Die von Sheryl angekündigte Überraschung war die Mahlzeit selbst. Während alle vier ihre Getränke selbst gewählt hatten, hatte Sheryl darauf bestanden, das Essen auszusuchen. Sie hatte auf ‚Rodizio‘ gesetzt. Es war ein wirklicher Höhepunkt, als der Kellner mit dem armlangen Spieß an die Tische kam und den Gästen davon gegrillte Fleischstücke auf den Teller abstreifte. Er kam häufig, hatte beinahe jedes Mal anderes Fleisch oder Wurststücke auf seinem Spieß aufgereiht. Die Gäste mussten bei diesem ‚All-you-can-eat‘ nicht einmal aufstehen.
Irgendwann waren Sheryl und ihre Freundinnen satt. Sie hatten, inspiriert durch ihre Aperitifs und durch eine Reihe von Cocktails nach dem Essen mehrmals auf das ‚Du‘ angestoßen, wobei sich Dagmar den Kalauer ‚You may say you to me.‘ nicht hatte verkneifen können.

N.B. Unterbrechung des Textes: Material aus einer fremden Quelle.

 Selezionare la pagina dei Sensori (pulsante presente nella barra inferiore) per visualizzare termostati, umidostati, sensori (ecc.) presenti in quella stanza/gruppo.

Sheryl drehte das Handgelenk, schaute auf ihre Armbanduhr. Es war Zeit aufzubrechen. Maude hatte schon einige Male gegähnt, und Dagmar war zweimal auf ihrem Stuhl zusammengeknickt. Die Zeche zahlten die vier zu gleichen Teilen.

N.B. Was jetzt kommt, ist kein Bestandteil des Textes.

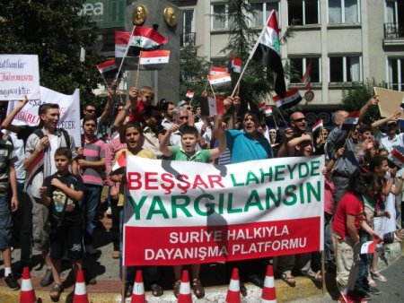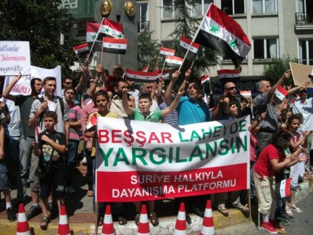 Türkiye’de yaşayan bir grup Suriyeli, Teşvikiye Camii’nde Cuma Namazı kıldıktan sonra protesto amacıyla Suriye’nin İstanbul Başkonsolosluğu önünde toplandı. Suriye bayrakları taşıyan ve ‘Beşşar Lahey’de yargılansın’ yazılı pankart açan grup, üzerinde ‘Beşşar gidecek özgürlük gelecek’ , ‘Suriye’de yaşanan katliamlar karşısında sessiz kalınmasını tarih asla unutmayacaktır’ yazılı dövizler açtı.

Es war ein gelungener Abend gewesen. Mit hochgeschlagenem Jackenkragen und mit ihrer inneren Wärme spürten sie die Nachtkälte nicht, als sie über den Parkplatz zum Auto schlenderten.

Die Heimfahrt bescherte bis Dietersheim keine Schwierigkeit.

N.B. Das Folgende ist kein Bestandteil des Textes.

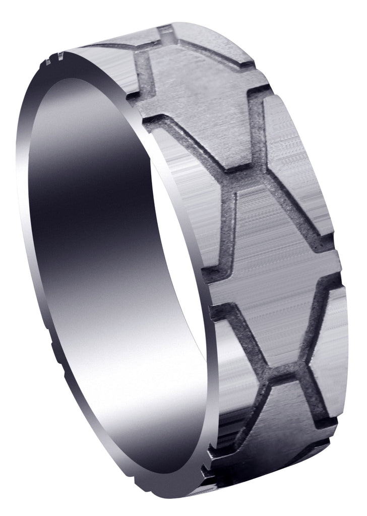 Fancy Carved Contemporary Mens Wedding Band Which Comes In 7 Mm Width,  The Ring Is In High Polish Finish And Can Be Made In Any Metal Of Choice As Selected Above.

Sie hatten Maude auf einem kleinen Umweg zur S-Bahnstation dort abgesetzt und gewartet, bis sie nach wenigen Minuten stadteinwärts in die letzte Bahn einsteigen konnte. Ihren Weg hatten sie auf der B471 fortgesetzt, hatten nach den langen Geraden auch Hochbrück hinter sich gelassen und waren nach dem Überqueren der Autobahn A9 links auf die Münchner Straße abgebogen, die in Garching ihren Namen streckenweise in Freisinger Landstraße und danach in Hauptstraße änderte, bevor sie ab Dietersheim wieder Münchner Straße hieß.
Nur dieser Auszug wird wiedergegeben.